**Exercise prompt**
From the first line of the data below through the line holding "砂利道が多いこともあって下り", output each line exactly and leave the pictures out.

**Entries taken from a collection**
------------------------------

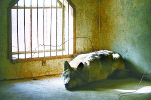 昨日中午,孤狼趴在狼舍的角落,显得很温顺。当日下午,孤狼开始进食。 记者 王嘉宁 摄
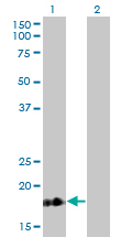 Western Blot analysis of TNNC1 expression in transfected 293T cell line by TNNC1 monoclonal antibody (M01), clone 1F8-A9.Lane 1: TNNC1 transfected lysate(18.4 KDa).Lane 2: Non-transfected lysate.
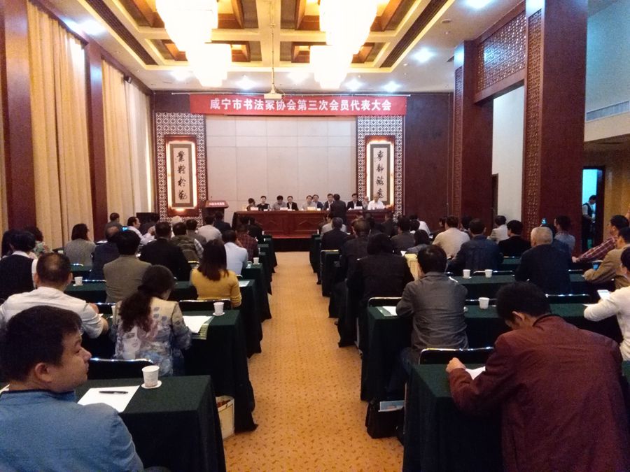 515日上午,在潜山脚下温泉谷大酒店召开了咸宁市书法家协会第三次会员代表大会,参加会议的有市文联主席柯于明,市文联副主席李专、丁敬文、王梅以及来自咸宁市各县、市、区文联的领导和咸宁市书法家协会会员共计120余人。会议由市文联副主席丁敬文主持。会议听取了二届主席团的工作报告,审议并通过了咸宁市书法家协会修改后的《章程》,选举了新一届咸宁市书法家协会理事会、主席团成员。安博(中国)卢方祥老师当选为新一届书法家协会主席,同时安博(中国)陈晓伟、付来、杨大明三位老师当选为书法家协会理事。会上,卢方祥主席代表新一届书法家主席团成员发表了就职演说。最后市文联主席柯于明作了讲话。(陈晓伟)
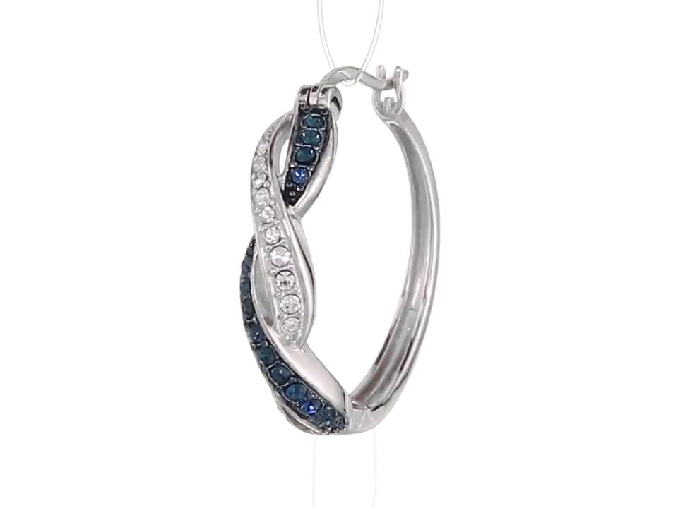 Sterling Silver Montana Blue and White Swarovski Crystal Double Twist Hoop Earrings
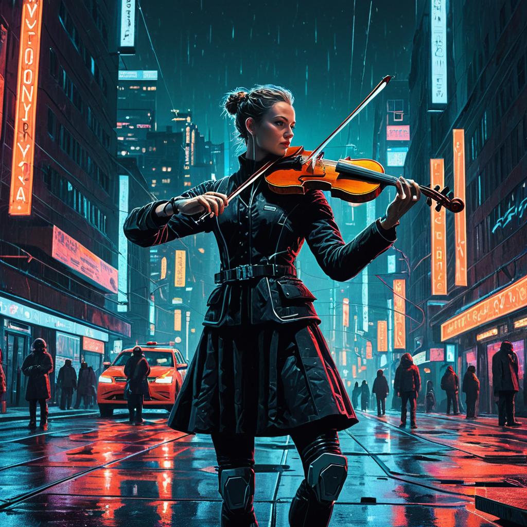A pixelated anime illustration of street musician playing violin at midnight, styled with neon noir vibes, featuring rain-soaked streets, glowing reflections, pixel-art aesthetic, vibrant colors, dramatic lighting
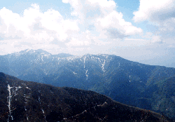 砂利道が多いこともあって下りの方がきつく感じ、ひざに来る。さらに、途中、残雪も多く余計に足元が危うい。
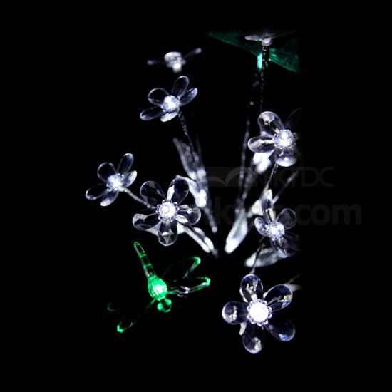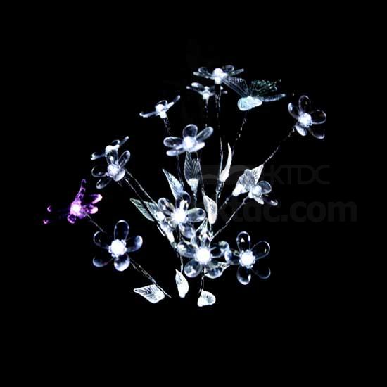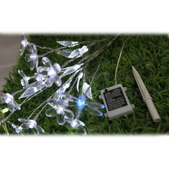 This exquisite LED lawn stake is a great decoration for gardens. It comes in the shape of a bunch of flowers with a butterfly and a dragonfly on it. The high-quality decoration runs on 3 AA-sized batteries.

------------------------------

**Output for this task**
 昨日中午,孤狼趴在狼舍的角落,显得很温顺。当日下午,孤狼开始进食。 记者 王嘉宁 摄
 Western Blot analysis of TNNC1 expression in transfected 293T cell line by TNNC1 monoclonal antibody (M01), clone 1F8-A9.Lane 1: TNNC1 transfected lysate(18.4 KDa).Lane 2: Non-transfected lysate.
 515日上午,在潜山脚下温泉谷大酒店召开了咸宁市书法家协会第三次会员代表大会,参加会议的有市文联主席柯于明,市文联副主席李专、丁敬文、王梅以及来自咸宁市各县、市、区文联的领导和咸宁市书法家协会会员共计120余人。会议由市文联副主席丁敬文主持。会议听取了二届主席团的工作报告,审议并通过了咸宁市书法家协会修改后的《章程》,选举了新一届咸宁市书法家协会理事会、主席团成员。安博(中国)卢方祥老师当选为新一届书法家协会主席,同时安博(中国)陈晓伟、付来、杨大明三位老师当选为书法家协会理事。会上,卢方祥主席代表新一届书法家主席团成员发表了就职演说。最后市文联主席柯于明作了讲话。(陈晓伟)
 Sterling Silver Montana Blue and White Swarovski Crystal Double Twist Hoop Earrings
A pixelated anime illustration of street musician playing violin at midnight, styled with neon noir vibes, featuring rain-soaked streets, glowing reflections, pixel-art aesthetic, vibrant colors, dramatic lighting
 砂利道が多いこともあって下りの方がきつく感じ、ひざに来る。さらに、途中、残雪も多く余計に足元が危うい。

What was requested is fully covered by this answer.